Interaction between the Msh2 and Msh6 Nucleotide-binding Sites in the Saccharomyces cerevisiae Msh2-Msh6 Complex

• Published in: The Journal of biological chemistry Vol. 285; no. 12; pp. 9301 - 9310
• Main Authors: Hargreaves, Victoria V., Shell, Scarlet S., Mazur, Dan J., Hess, Martin T., Kolodner, Richard D.
• Format: Journal Article
• Language: English
• Published: United States Elsevier Inc 19.03.2010; American Society for Biochemistry and Molecular Biology
• Subjects: Adenosine Triphosphate - chemistry; ATPases; Binding Sites; Cross-Linking Reagents - chemistry; DNA and Chromosomes; DNA Repair; DNA Replication; DNA-Binding Proteins - chemistry; DNA-Binding Proteins - metabolism; Enzymology; Gene Expression Regulation, Fungal; Models, Biological; Models, Genetic; Models, Molecular; Mutagenesis Mechanisms; Mutation; MutS Homolog 2 Protein - chemistry; MutS Homolog 2 Protein - metabolism; Nucleic Acid Enzymology; Nucleotides - chemistry; Protein Binding; Protein Conformation; Saccharomyces cerevisiae; Saccharomyces cerevisiae - metabolism; Saccharomyces cerevisiae Proteins - chemistry; Saccharomyces cerevisiae Proteins - metabolism; Surface Plasmon Resonance; Mutagenesis Mechanisms; DNA Replication; Nucleic Acid Enzymology; ATPases; DNA Repair
• ISSN: 0021-9258; 1083-351X
• DOI: 10.1074/jbc.M109.096388

Indirect evidence has suggested that the Msh2-Msh6 mispair-binding complex undergoes conformational changes upon binding of ATP and mispairs, resulting in the formation of Msh2-Msh6 sliding clamps and licensing the formation of Msh2-Msh6-Mlh1-Pms1 ternary complexes.

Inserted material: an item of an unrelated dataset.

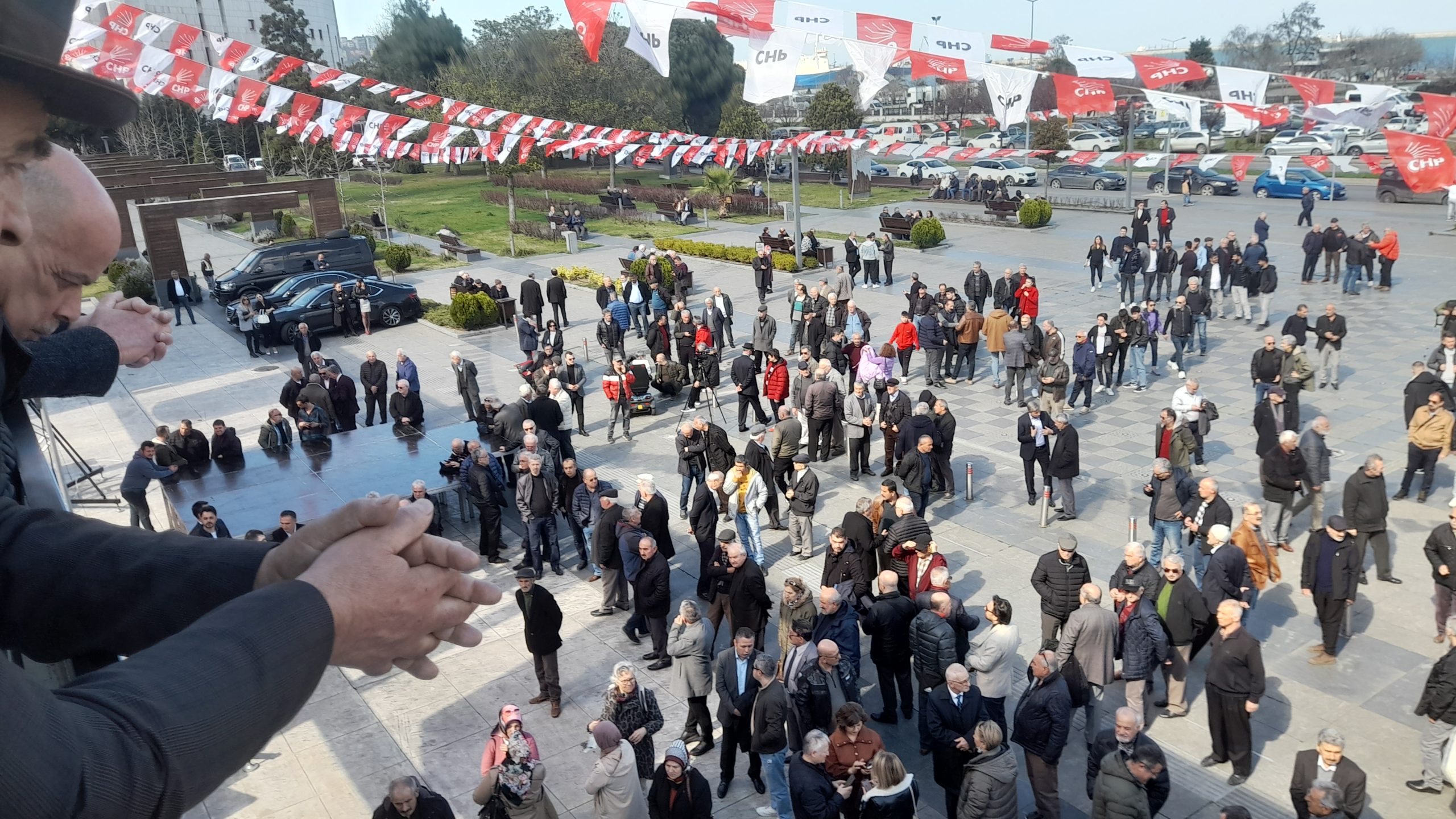 Samsunda güneşli ve sıcak bir 1 Nisan gününde sanki CHP Teşkilatı,Partililer büyük bir çoşku ve katılım ile 1 Nisan Şakası yapmışlardı.Ömer Halis Salonu saat 13.30 itibariyle tıklım tıklım dolmuş merdivenlerden en alt giriş salonu kuyruk oluşturmuş ,Salonun önünde kurulan Barkovizyon ve stattan verilen görüntüleri dışarıda bir salon daha doldurabilecek yaklaşık 500 kişide alanda yer alarak izliyorlardı.
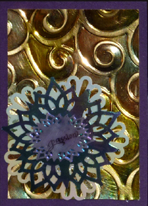 embossed with the Cuttlebug D'Vine Swirls, Dribbled Alcohol inks onto it

Here, we have studied eight mutant Msh2-Msh6 complexes with defective responses to nucleotide binding and/or mispair binding and used them to study the conformational changes required for sliding clamp formation and ternary complex assembly. ATP binding to the Msh6 nucleotide-binding site results in a conformational change that allows binding of ATP to the Msh2 nucleotide-binding site, although ATP binding to the two nucleotide-binding sites appears to be uncoupled in some mutant complexes. The formation of Msh2-Msh6-Mlh1-Pms1 ternary complexes requires ATP binding to only the Msh6 nucleotide-binding site, whereas the formation of Msh2-Msh6 sliding clamps requires ATP binding to both the Msh2 and Msh6 nucleotide-binding sites. In addition, the properties of the different mutant complexes suggest that distinct conformational states mediated by communication between the Msh2 and Msh6 nucleotide-binding sites are required for the formation of ternary complexes and sliding clamps.